##### Data provided

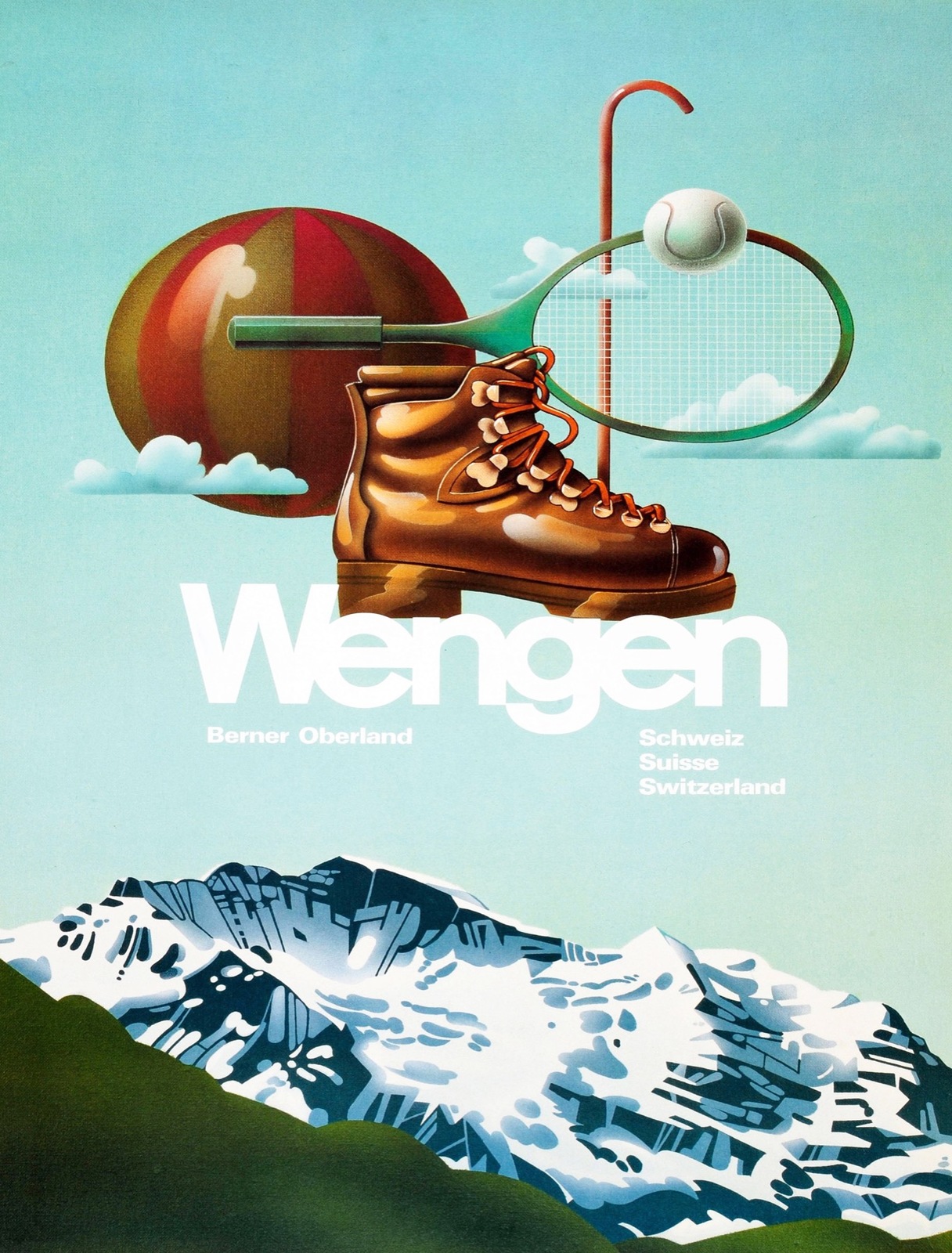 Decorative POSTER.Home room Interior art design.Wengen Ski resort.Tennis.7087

##########
##### Data provided

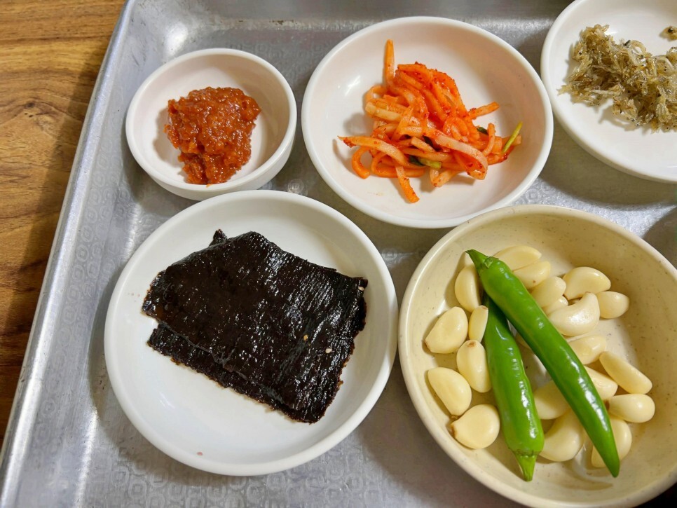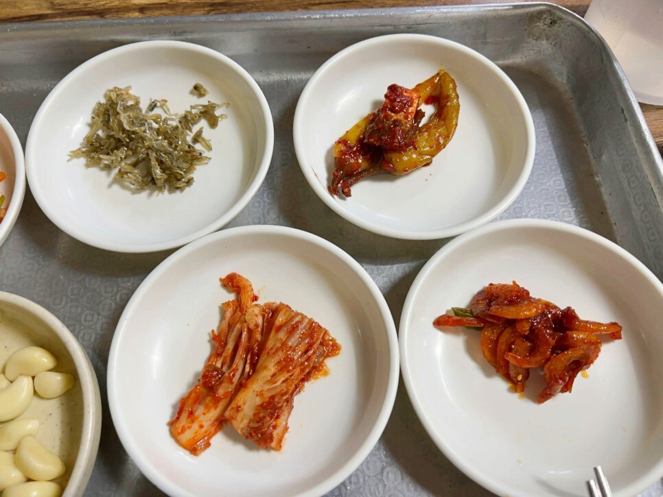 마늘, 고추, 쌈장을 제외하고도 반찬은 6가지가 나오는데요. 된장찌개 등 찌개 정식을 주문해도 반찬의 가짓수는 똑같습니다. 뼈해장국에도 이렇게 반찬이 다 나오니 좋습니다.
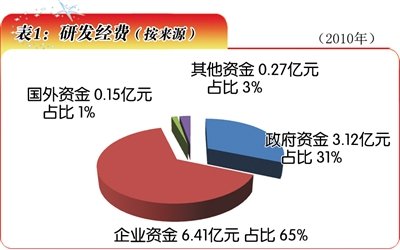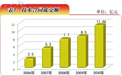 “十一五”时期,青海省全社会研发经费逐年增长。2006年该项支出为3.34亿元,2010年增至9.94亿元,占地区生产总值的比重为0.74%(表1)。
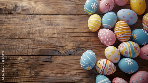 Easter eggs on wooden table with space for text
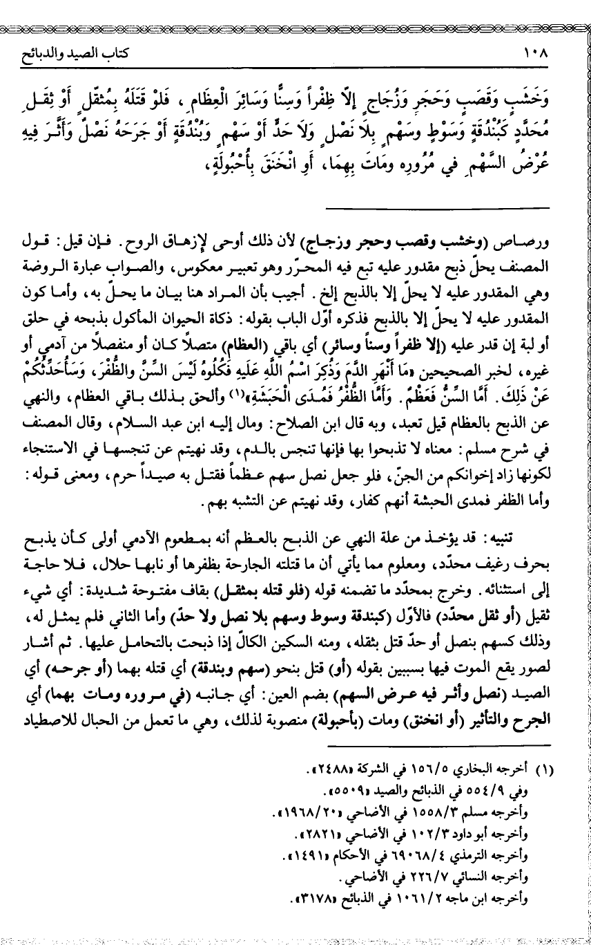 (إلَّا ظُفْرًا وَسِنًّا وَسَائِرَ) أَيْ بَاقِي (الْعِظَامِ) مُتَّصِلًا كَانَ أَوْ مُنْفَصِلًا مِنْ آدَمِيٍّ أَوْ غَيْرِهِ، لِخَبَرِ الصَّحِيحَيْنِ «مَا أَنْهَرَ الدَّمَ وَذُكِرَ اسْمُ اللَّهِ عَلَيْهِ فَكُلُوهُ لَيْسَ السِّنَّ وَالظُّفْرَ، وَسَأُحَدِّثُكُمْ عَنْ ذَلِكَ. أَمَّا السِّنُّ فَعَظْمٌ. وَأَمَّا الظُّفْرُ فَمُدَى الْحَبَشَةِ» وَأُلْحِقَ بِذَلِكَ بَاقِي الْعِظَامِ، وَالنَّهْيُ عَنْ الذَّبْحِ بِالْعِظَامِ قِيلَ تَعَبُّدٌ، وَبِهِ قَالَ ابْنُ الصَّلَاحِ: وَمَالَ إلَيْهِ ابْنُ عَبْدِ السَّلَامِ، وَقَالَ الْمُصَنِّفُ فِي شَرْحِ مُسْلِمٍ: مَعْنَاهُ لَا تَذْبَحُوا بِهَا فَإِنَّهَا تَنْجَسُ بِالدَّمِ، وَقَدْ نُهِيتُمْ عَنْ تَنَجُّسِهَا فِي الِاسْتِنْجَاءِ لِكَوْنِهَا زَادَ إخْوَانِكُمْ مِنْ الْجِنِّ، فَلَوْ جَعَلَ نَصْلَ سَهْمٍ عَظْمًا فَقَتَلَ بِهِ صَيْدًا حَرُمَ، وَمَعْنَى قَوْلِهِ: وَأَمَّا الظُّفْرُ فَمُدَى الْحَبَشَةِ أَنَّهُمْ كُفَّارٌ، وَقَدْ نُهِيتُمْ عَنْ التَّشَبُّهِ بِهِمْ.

##########

What to produce: Output should consist of the lines above from the one with "마늘, 고추, 쌈장을" down to the one with "Easter eggs on", exact and without pictures.

Answer space:
 마늘, 고추, 쌈장을 제외하고도 반찬은 6가지가 나오는데요. 된장찌개 등 찌개 정식을 주문해도 반찬의 가짓수는 똑같습니다. 뼈해장국에도 이렇게 반찬이 다 나오니 좋습니다.
 “十一五”时期,青海省全社会研发经费逐年增长。2006年该项支出为3.34亿元,2010年增至9.94亿元,占地区生产总值的比重为0.74%(表1)。
 Easter eggs on wooden table with space for text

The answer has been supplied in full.